Personal information
- Born: 1893 Hogansburg, New York, U.S.
- Died: March 6, 1939 Canton, Ohio, U.S.
- Listed height: 5 ft 11 in (1.80 m)
- Listed weight: 183 lb (83 kg)

Career information
- College: Carlisle Indian

Career history
- Oorang Indians (1922–1923); Rock Island Independents (1924–1925); Akron Indians (1926); Canton Bulldogs (1926);

Awards and highlights
- GB Press-Gazette: 1st team all-NFL (1924);
- Allegiance: United States
- Branch: U.S. Army
- Service years: 1917-1921
- Conflicts: World War I;
- Stats at Pro Football Reference

= Joe Little Twig =

American football player (1893–1939)

Joseph Little Twig (Johnson) (1893 - March 6, 1939) was a professional football player, who played during the early years of the National Football League (NFL). For 1922 until 1926, he played in the league for the Oorang Indians, Rock Island Independents, Akron Indians and the Canton Bulldogs.

==Football==
Little Twig, a member of the Mohawk nation, first played football at Thomas Indian School on the Cattaraugus Reservation and then at the Carlisle Indian School located in Carlisle, Pennsylvania. Before starting his NFL career, Little Twig served in the United States Army from 1917 until 1921. He was stationed overseas during World War I. In 1922, he joined the Oorang Indians; Jim Thorpe's All Indian Football team in LaRue, Ohio. He spent two years with the Indians. After the franchise folded in 1923, Little Twig and Thorpe joined the Rock Island Independents for the 1924 and 1925 seasons.
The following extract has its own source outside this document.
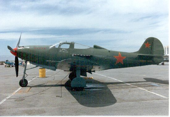 Bell P-39 (Russian)

He finished his NFL career in 1926, playing with the Akron Indians and the Canton Bulldogs.

==Post-football career==
In 1927, Little Twig joined the Canton Police Department. While on the police force, he served as a patrolman on motorcycle duty. He left the force in 1931. In 1929 JLittle Twig married Gertrude Hale. Thorpe attended the ceremony and acted as best man. In 1935 Little Twig divorced his first wife and married a Winifred (Winnie) Wood. With this wife Little Twig had two daughters Norma Jean and JoAnn. He died on March 6, 1939, when his automobile struck a tree at the bottom of a hill in Canton, Ohio.